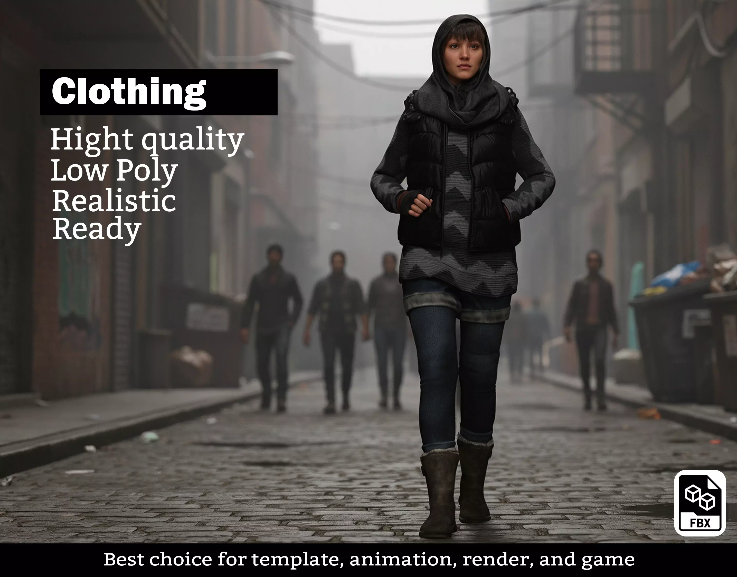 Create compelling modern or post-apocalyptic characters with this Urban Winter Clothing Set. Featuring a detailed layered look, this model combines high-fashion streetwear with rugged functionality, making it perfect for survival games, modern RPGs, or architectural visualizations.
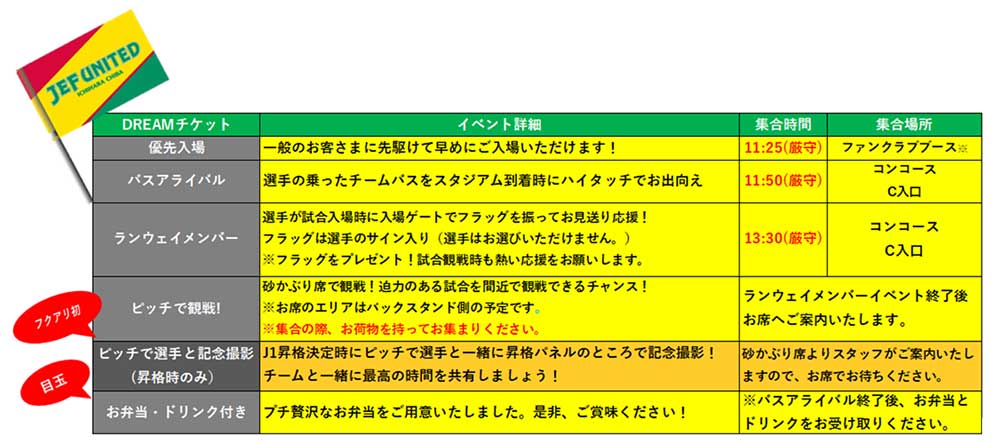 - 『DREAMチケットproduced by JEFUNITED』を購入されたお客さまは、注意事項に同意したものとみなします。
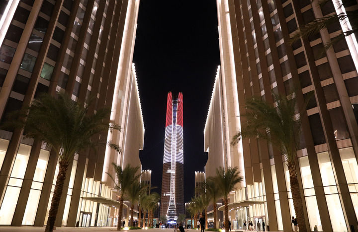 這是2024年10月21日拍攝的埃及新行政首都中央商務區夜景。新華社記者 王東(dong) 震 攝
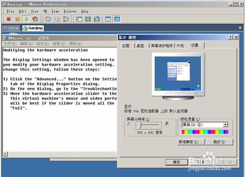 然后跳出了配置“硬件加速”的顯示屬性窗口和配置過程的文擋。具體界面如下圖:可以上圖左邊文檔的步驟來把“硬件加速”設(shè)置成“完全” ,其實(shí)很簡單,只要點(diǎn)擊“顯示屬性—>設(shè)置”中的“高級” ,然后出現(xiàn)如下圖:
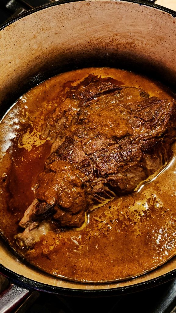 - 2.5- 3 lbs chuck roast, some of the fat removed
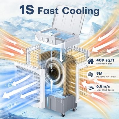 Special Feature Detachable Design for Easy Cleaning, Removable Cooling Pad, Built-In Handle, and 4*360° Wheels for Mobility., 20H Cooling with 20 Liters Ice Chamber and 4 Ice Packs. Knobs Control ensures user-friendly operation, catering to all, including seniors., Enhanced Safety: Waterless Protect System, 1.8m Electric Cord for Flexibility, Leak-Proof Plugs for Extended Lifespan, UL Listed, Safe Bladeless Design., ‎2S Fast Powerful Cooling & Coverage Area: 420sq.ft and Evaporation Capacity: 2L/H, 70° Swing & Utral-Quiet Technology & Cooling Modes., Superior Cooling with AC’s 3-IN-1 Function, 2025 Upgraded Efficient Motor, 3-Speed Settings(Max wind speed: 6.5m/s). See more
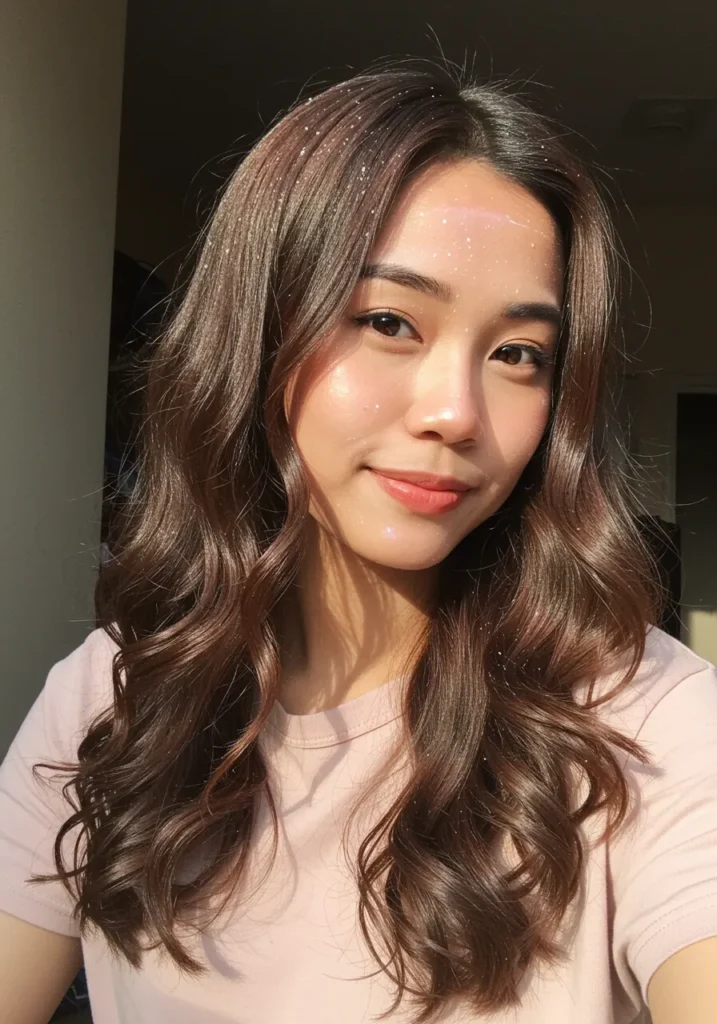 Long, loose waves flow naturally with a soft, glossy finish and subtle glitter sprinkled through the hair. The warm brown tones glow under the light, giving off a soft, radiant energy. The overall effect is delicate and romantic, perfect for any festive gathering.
_ _ _ _ _
WHAT TO PRODUCE - Above are some records. Reproduce the lines from the one with "- 『DREAMチケットproduced by" down to the one with "- 2.5- 3 lbs", keeping both, and leave every picture out.

PROBLEM SOLUTION -
 - 『DREAMチケットproduced by JEFUNITED』を購入されたお客さまは、注意事項に同意したものとみなします。
 這是2024年10月21日拍攝的埃及新行政首都中央商務區夜景。新華社記者 王東(dong) 震 攝
 然后跳出了配置“硬件加速”的顯示屬性窗口和配置過程的文擋。具體界面如下圖:可以上圖左邊文檔的步驟來把“硬件加速”設(shè)置成“完全” ,其實(shí)很簡單,只要點(diǎn)擊“顯示屬性—>設(shè)置”中的“高級” ,然后出現(xiàn)如下圖:
 - 2.5- 3 lbs chuck roast, some of the fat removed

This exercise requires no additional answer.